Coinjoins are privacy-preserving transactions that contain funds from many users. This operation requires unanimous teamwork: Unless every user signs the transaction, Bitcoin nodes will reject it as invalid, and no privacy progress will be made. This poses a challenge to honest users since there is no cost to an attacker who continuously causes coinjoins to fail, resulting in a denial of service (DoS).

This is where the role of the centralized coinjoin coordinator comes into play. The coordinator acts as a bouncer to exclude known troublemakers, ensuring that honest users are not left waiting indefinitely. ZkSNACKs, which runs the default coordinator for Wasabi Wallet, uses various methods to identify and defeat DoS attacks to improve coinjoin success rates.

First, the economics of Denial of Service attacks are considered. The minimum value allowed to participate in a Wasabi coinjoin is 5000 sats (0.00005000 BTC). When disrupting a coinjoin round, the attack is equally effective whether the missing signature belongs to a low-value input or a high-value input. Due to this threat of an attacker splitting his coins into small pieces, low-value coins are subject to longer bans than high-value coins.

Second, Denial of Service penalty evasion is considered. If a particular address is banned for causing a coinjoin to fail, the attacker can move the coins from the banned address to a fresh address and attempt to register again. To combat this circumvention, bans from previously offending addresses are inherited by the coins they send. This prevents attackers from reusing the same funds for multiple disruptions.

Third, the nature of the offence is considered. There are 3 ways to cause trouble with a coinjoin transaction:

  • Register inputs and fail to sign the final transaction
  • Double spend a registered input before signing
  • Double spend a registered input after signing

Failure to sign may not be intentionally malicious since it can occasionally occur due to limitations of the Tor network’s stability, or because a careless user closes his laptop after the input registration phase. Double spending is prevented by clients and is a clearer indicator of deliberate disruptive activity. The type of offence and the history of previous offences affect how long a coin is banned.

Stability Improvements

When Wasabi 2.0 was first released, Tor was under a network-wide attack that severely degraded its connection reliability. As a result, the coordinator cannot be too strict with bans to prevent Denial of Service since honest users may inadvertently disconnect without signing.

In November 2022, benchmark statistics were measured showing coinjoins would succeed only 10% of the time on the first attempt, and slightly less than 50% on subsequent attempts (known as “blame rounds”). With the v2.0.2.1 release in December, these metrics improved to 15% success on the first attempt.

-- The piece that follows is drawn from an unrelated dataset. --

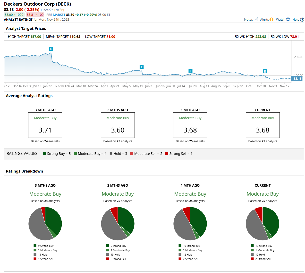 The mean price target of $110.62 represents a 33.1% premium from DECK’s current price levels, while the Street-high price target of $157 suggests an ambitious 88.9% potential upside from the current levels.

As a result of months of hard work by the Wasabi and Tor developers, updated statistics from October 2023 show that the overall success rate has more than doubled since the previous year, with over 50% of new rounds and over 80% of blame rounds succeeding. This consistency makes privacy convenient for patience minimalists who quickly tire of the soothing glow of the countdown timer.



Entering the Fee Market

The fee rate of the coinjoin transaction is another variable to account for while waiting for full privacy. The coordinator chooses the mining fee for the coinjoin round before users join, however, fee estimation is not a simple task. On average, a new Bitcoin block is mined every 10 minutes, but there is no way to predict exactly when one will be found or how many new transactions will outbid you until then. 

There are special considerations when choosing the fee rate for coinjoin transactions. Participants often pay several times more in mining fees for a coinjoin transaction compared to a regular payment since they can register multiple inputs and outputs. This increases the marginal advantage for sniping the lowest possible fee rate. In addition, coinjoins are not considered urgent because users are often sending coins to themselves and not to others, so whether or not the transaction is confirmed quickly is not as important because there is no risk that incoming funds will be double spent and lost.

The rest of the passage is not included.